- 1 tbsp olive oil
- ½ tsp fennel seeds
- 1 small red onion, roughly chopped
- 1 medium carrot, peeled and roughly chopped
- 1 stick celery, roughly chopped
- 2 garlic, crushed
- ½ x 400g can chopped tomatoes
- 1 tomato, chopped
- 1 bay leaf
- ½ x 400g cannellini beans
- 1 small potato
- 150g kale
- 50g stale bread, torn into chunks
- Pinch of salt
- Pinch of ground black pepper
- 2 tsp vegetarian pesto
- Pour the olive oil into a medium-sized saucepan and heat the fennel seeds until they pop. Add the onion, carrot, celery and garlic and cook over a low heat with the lid ajar for 15 minutes until soft, but not brown.

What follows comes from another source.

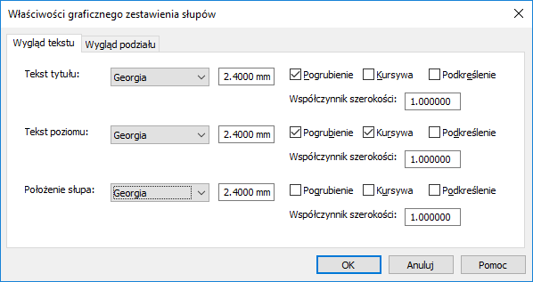 Użytkownik może dostosować formatowanie tekstu w graficznym zestawieniu słupów. W obszarze Tekst na palecie Właściwości kliknij przycisk edycji Wygląd tekstu.

- Add the canned and fresh tomatoes and bay leaf then bring back to a gentle simmer for a few minutes.
- Add the cannellini beans and potato, together with 100ml water, and bring back to the boil and simmer for 15 minutes.
- Stir in the kale and the bread and continue cooking for a further 15 minutes. The soup should be thick but not dry, so add more water if needed.
- Serve in bowls, seasoned to taste, with the pesto.